In the program, we had explored what it meant to be mindful. Allan had come into the program with the usual hopes for peace and serenity. He even said if he could just stay serene as Deb threw cushions at him to punctuate her comments, he would feel like a Buddha! As the classes progressed and he learned how to meet the difficult and unwanted feelings he experienced himself, Allan began to see that mindfulness was not just about being well-balanced on the meditation cushion (which he said he’d never thought of flinging across the room)!

This mindfulness thing was tough, he reported back to the group. It was about seeing who he became when the world around him was chaotic, when people he loved were unreachable because of their suffering, and when that triggered his fears of losing them. And it was about resisting the impulse to take the high road when relaxation and calm gave him the upper hand. In the class after we explored the experiential process of feeling emotions and meeting them without judgment, Allan shared an incident with his partner that shook him to the core (which is not a bad thing).

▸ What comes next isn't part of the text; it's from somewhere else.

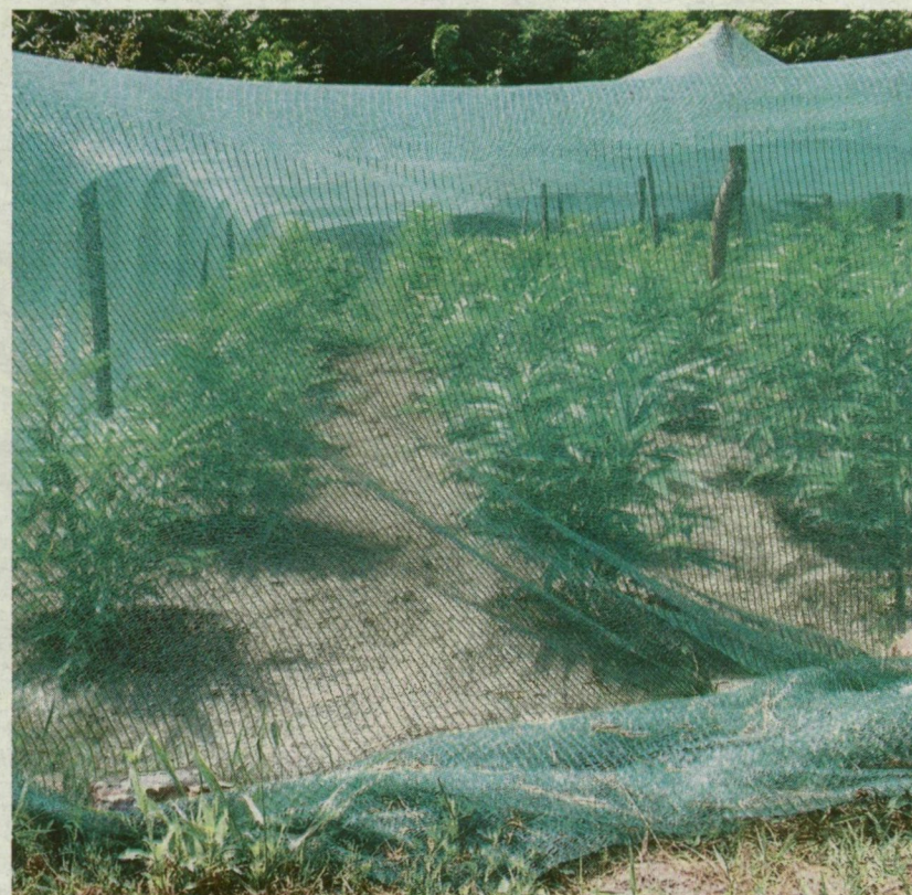
■ A KÁBITÓSZER-ÜLTETVÉNYEN 251 TŐ VADKENDER NEVELKEDETT

They had been arguing and he found himself able to steady the physiological sensations of anxiety and anger. He used his breathing to bring the heat of the experience down, to clear his mind with grounding practices, to listen carefully without judging. Then in a calm voice he said, “We’re both suffering here. We’re both having a really hard time hearing each other. Can we sit down and try again?”

Unexpectedly, his partner became enraged. “You’re just using all that mindfulness crap to shut me down! You’ve weaponized your practice!” Alan was devastated. But he was also honest with himself and the group. He was tired of the rancorous debates, the constant irritation. He just wanted some peace and quiet. So yes, he admitted to us. He had used the breathing and grounding to steady himself but also to shut down the process that he knew inevitably ended up in pain and hurt. Now he felt guilty and very concerned that mindfulness was making him someone manipulative!

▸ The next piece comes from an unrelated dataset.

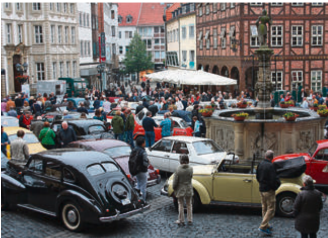
Parkplatz auf dem Marktplatz: in Hildesheims guter Stube herrschte allerlei Trubel.

The heart of mindfulness practice is in clarifying our values, our ways of interacting with ourselves and each other. That’s why the practice is called a cultivation of skills. And the intention with which we apply those skills determines whether it is “skillful” or “unskillful”. Most times, we don’t intend to deliberately cause hurt or suffering. Most times, we are responding out of our own suffering and we have a misstep in our relationships. And yes, sometimes we take the high road and might use the cachet of mindfulness to put someone down or justify our judgemental thought, speech or action.

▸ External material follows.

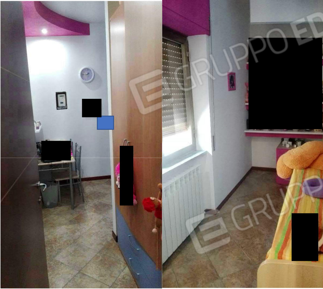
Camera da letto 2

Weaponizing mindfulness was a new term for all of us but it is powerful. It was a mindful bell for each of us to become more alert to how we engage with these skills. The Five Skillful Habits of respect for life, being generous, setting limits, compassionate speech, and mindful consumption are our navigation points. These allow us to check in with our intentions and clarify our motivation to act, speak, and think in ways that are kind, useful, truthful, and supportive. For mindfulness to transform our unskilfulness, we need to pay attention to our values, which are our North Star constantly informing us how far off course we are drifting.

Allan’s experience is not unusual. With the popularity of mindfulness these days, it’s easy for the phrase “Oh I was just being  mindful” to give or take away suffering. In fact, I do believe that the most skillful practice of mindfulness is for it not to look like mindfulness but rather to look like just plain kindness.